Ressam bir DELİ der ki: Ressamlar az buçuk deli olur…
Bir uyanık DELİ der ki: Başka ülkeleri soyanların ülkeleri de bir gün soyulur.
Edepli bir DELİ der ki; Hani demem o ki; edepsizlerde 'EDEP' bulunmaz! Boyuna aramayın.
Bir hınzır DELİ sorar; İnsanın düşüncelerine yağmur suyu kaçarsa, düşünceleri sulanır mı?
Akıllı ayağına yatan bir DELİ der ki: Hani demem o ki; YÜK'ü ağır olmayan hiçbir canlı yoktur.
Âmâ bir DELİ der ki: Öyle ki; aynı yaş ve aynı cinsiyetteki insanlar, aynı anda, hep farklı mevsimleri yaşarlar...
Püsküllü bir DELİ der ki: Herkesi memnun etmeye çalışanların münafık olma ihtimali fazladır. Allah korusun.
Bir cesur DELİ der ki: Yanlış yapan insan uyarılmadığı sürece yanlış yaptığının farkında olmaz. Bir uyarıcı gerektir!
Normal bir DELİ der ki: Elbette yani... Şarkıcı ile çoban aynı statüde mi ki oyları aynı olsun. Bu durum demokrasiye aykırı...
Tescilli bir DELİ der ki: Bazılarının davranışlarına bakarak ‘öküz’ diyorlar. Hâlbuki öküz, bir hayvandır! Bazıları öküz olamaz.
Meczup bir DELİ der ki: Öyle insanlar vardır ki, onlar bazılarının gözünde ‘canlı mevta’, yani ‘yaşayan ölü’ hükmündedirler…
Unutkan DELİ der ki: Hani demem o ki; eli kalem tutanlar, bilgi ve belge sahibi olanlar, muhakkak bunları tarihe not düşmelidirler.
Anormal bir DELİ der ki: Sadece 'muhalefet etmek için muhalefet' bile bir meziyettir! Yabana atmamak gerek! Tıpkı 'Sanat için sanat' gibi...
Bir zırzır DELİ der ki: İnsanımız geçmişteki bazı vakalara keşke takılıp da oradan günümüze gelse, yani takıntılarından vazgeçse ne iyi olur!
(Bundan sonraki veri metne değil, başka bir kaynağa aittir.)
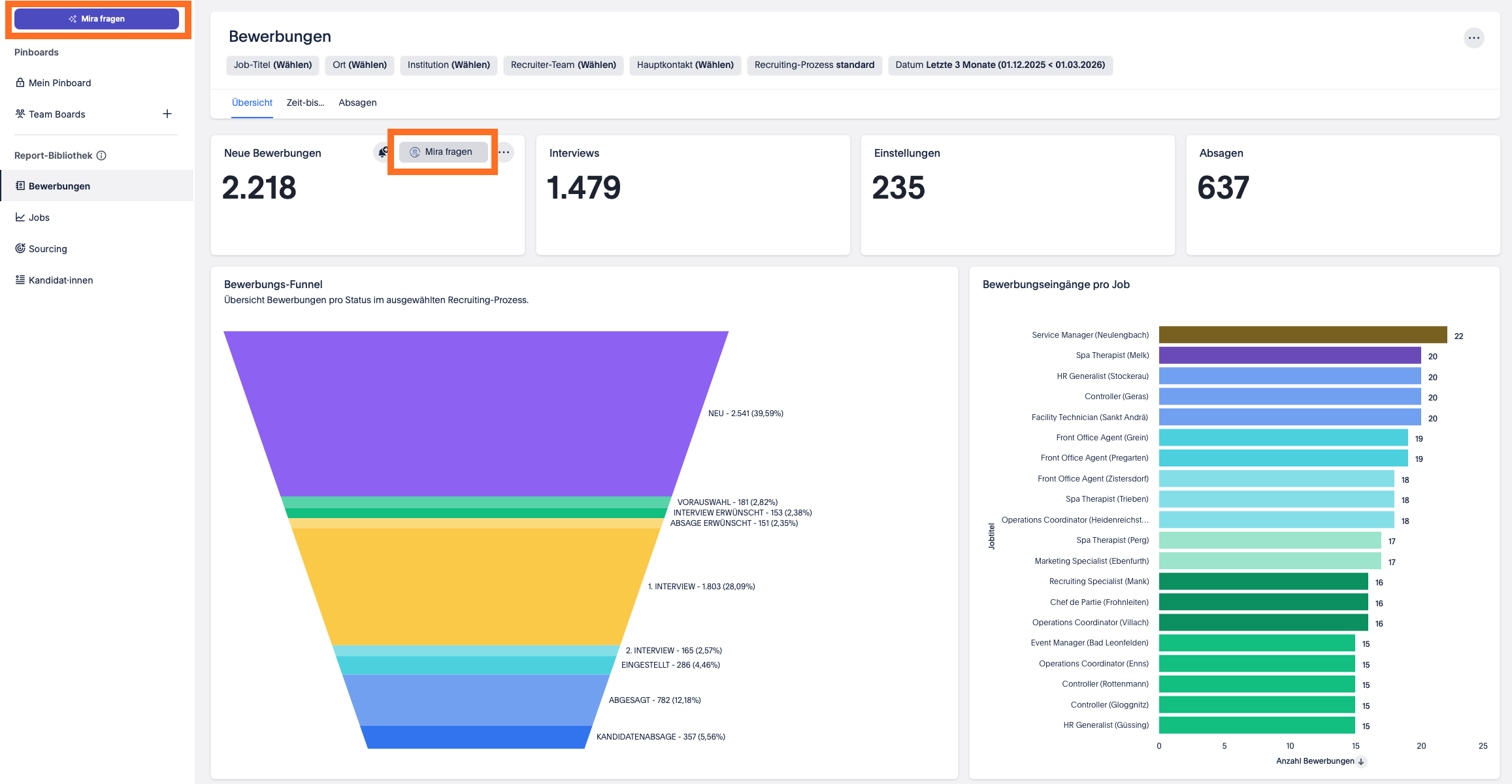 - Mira – die KI-Assistentin: Analysiert Ihre Recruiting-Zahlen und gibt Handlungsempfehlungen.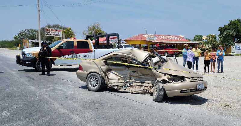 Automovilista es impactado duramente por una camioneta en el kilómetro 97 de la carretera Victoria – Matamoros.

Bir zır DELİ der ki; Öyle zaman olur ki, hiç kimseyi görmek istemezsin; bazen de seni hiç kimse görmek istemez… Ne yaparsın, çark böyle…
Her şeye muhalif bir DELİ der ki: Muhalefet etmeye alışanlar hiç bir iyiyi göremezler. Onların gördüklerim hep muhalif edilecek şeylerdir!
Kafadan kontak bir DELİ der ki: Hani demem o ki; Kanunen, CARİ HUKUK açısından veya mevzuata UYGUN olan bir İŞ veya EYLEM, ahlâka AYKIRI olabilir...
Belgeli bir DELİ der ki: Siz hiç BAŞSIZ ADAM gördünüz mü? Görmediyseniz etrafınıza tekrar daha dikkatli bir şekilde bakın... Görürsünüz UCUBE başsız başsız adamlar…
Gördüğü her kuyuya taş atan bir DELİ der ki; Siyasette ortamın dışına çıkanlar oldukça tutarlı yorumlar ve tespitler yapıyorlar, ama içeride kalanlar çok zaman 'bakar kör' oluyorlar...
Dava DELİ’si der ki; Etrafımızda ve içimizde olup biten her şeye muhalif olmalıyız. Yoksa yaşayamayız, ölürüz ve belki de gebeririz... Varsa yoksa her şeye, kendimize bile, muhalefet etmeliyiz. Varlık sebebimizi inkâr etmek nankörlüktür!
Menfaat DELİ’si der ki: Dirilerden umutlarını kesen bazı mütekait politikacılar, yapacak iş bulamayıp boş kalınca, Türk tarihi’ndeki büyüklerin hangilerini ‘daha dindar’ hangilerinin ‘daha az dindar’ olduklarını araştırmaya başlamışlar. İnşallah bu arayışlar kendilerine hayır getirir…
Dünyanın DELİ’si der ki: Bugün kafam bozuk: tüm köylüler tüm uçakları doldurmuşlar. Benim gibi aristokrat ve bürokratlar uçaklarda yer bulamıyorlar... Olur mu böyle, olur mu? Hükümet hemen istifa etmeli... Hem de hemen. Böyle bir rezalet olmaz! Köylü ‘milletin efendisidir’ dediysek, uçakları doldursunlar da demedik ki…
Âhhh, ah…
Bu deliler olmasa var ya… Bu dünya yaşanmaz olurdu.